- Promotion: K-1
- Date: July 5, 2003
- Venue: Saitama Super Arena
- City: Saitama, Japan
- Attendance: 15,600

Event chronology
| K-1 Beast II 2003 | K-1 World MAX 2003 World Tournament Final | K-1 World Grand Prix 2003 in Fukuoka |

= K-1 World MAX 2003 World Tournament final =

K-1 martial arts event in 2003

K-1 World MAX 2003 World Tournament Final was a kickboxing event promoted by the K-1 organization. It was the second ever K-1 MAX final for middleweight kickboxers (70 kg/154 lb weight class) involving eight finalists and two reserve fighters, with all bouts fought under K-1 rules.

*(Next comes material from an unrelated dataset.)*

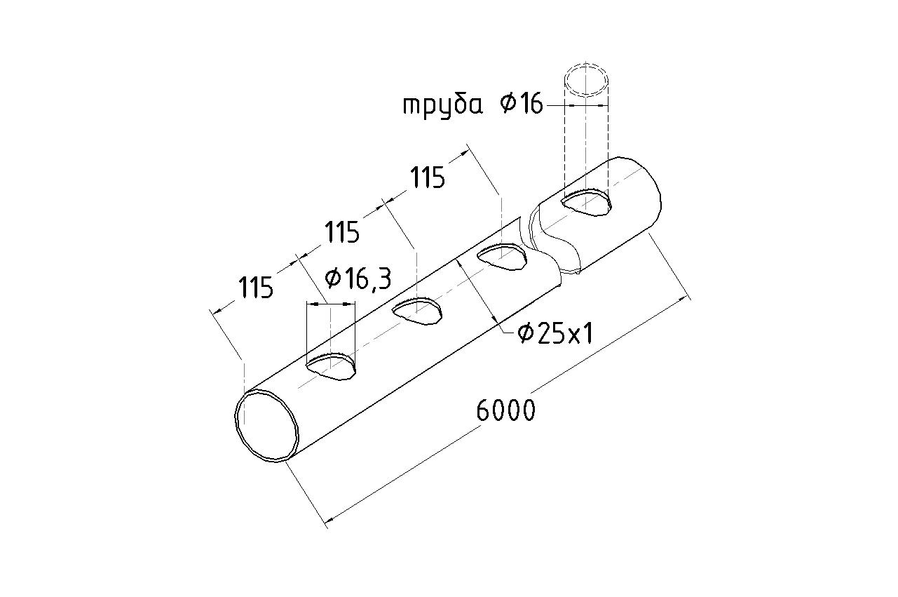 В конструкции предусмотрены круглые отверстия. Марка стали: AISI 304 — устойчива к коррозии, подходит для эксплуатации в условиях повышенной влажности. Размеры: 25 мм (наружный диаметр) × 1 мм (толщина стенки) × 6000 мм (длина). Перфорация: отверстия Ø16 мм с шагом под углом 90°. Обработка поверхности: GRIT 600 — полированная.

The tournament fighters had qualified via preliminary tournaments, had been involved in the previous years final, or had been invited due to their achievements in kickboxing and Muay Thai (more information on the fighters is detailed by the bulleted list below). As well as tournament bouts there was also a super fight, also fought under K-1 rules. In total there were twelve fighters at the event, representing seven countries.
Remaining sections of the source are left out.